Misusing makefiles as a poor man's bash script with a switch statement.

I still don't get it.

If you write a bash or POSIX shell script then you need to learn bash/POSIX shell (or suffer the consequences of not learning it).

If you write a Makefile and ignore 99% of it's features you now also need to learn GNU or POSIX make (or suffer the consequences of not learning it).

Strictly a worse deal and an extra dependency.

And no, "everyone uses make this way so it's a common interface which everyone agrees on" is not the answer.

1. Nobody agrees on target names other than `all` and `clean`. So you need some documentation or some help target.

2. Nobody agrees on a help target. So you need documentation or force your developers to read the makefile.

3. Nobody remembers that parallel make does not guarantee the execution order of the targets. So if someone stumbles into your project directory and runs `make -j 8` they will likely be surprised when everything breaks and you will need to document this or force them to read the Makefile.

4. Not every project actually uses Makefiles, a bunch of them use the kind of script(s) I mentioned, some use purpose built "task runners" (i.e. the bits of Make which people who misuse makefiles actually like to use except more ergonomic), some rely on people knowing how to build the project using the normal build tools, some just document the commands you need.
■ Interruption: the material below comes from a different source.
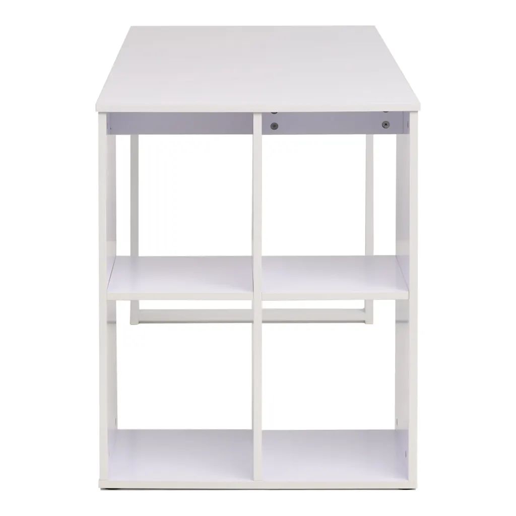 See valge kirjutuslaud pakub mugavat tööpinda nii koju kui kontorisse, ühendades endas lihtsa moodsa disaini ja praktilise panipaiga. Melamiin-viimistlusega tehispuit ja terasest raam tagavad stabiilsuse ning vastupidavuse, samal ajal kui 4 sektsiooni laua küljel aitavad hoida töölaua ümbruse korras.

Either way, you're going to either have to document which approach you're using in a `^README(\..*)?$` file or rely on your developers to either ls and discover things for themselves or try random commands until something works or gives a useful error message.

So please, if all your project does is use the language default build system, don't bother misusing Make to allow people to run `make` to either a: have the project build itself, b: have the project build and run itself, c: have the makefile dump out a help output, or d: get an error because you used GNU make and I'm on BSD.

If your project needs some non-trivial commands to build it, shove them in a script. If there's more than one command, either use a collection of scripts at the root, or in a sub directory, or a single script with a case statement and a help output. Also, document this in the `^README(\..*)?$`.

Maybe I should be writing this kind of stuff in my blog rather than writing long-form HN comments. I am certainly


I use Makefiles to build Go applications for two reasons: it is available on the systems we develop on, and it provides a real alternative to writing bash scripts.

Build scripts are bad. They tend to lead to complexity over time. It is very easy to just add some ad-hoc magic to solve a problem than to sit down and think about how one should structure things better. This makes it harder for people unfamiliar with the codebase to understand what is going on.

Then you need to choose a language. Bash? Well, not a lot of people know Bash all that well. And it isn't a very nice language to express the kinds of things you need to deal with to solve build problems. People don't bother learning Bash because Bash isn't a very useful language.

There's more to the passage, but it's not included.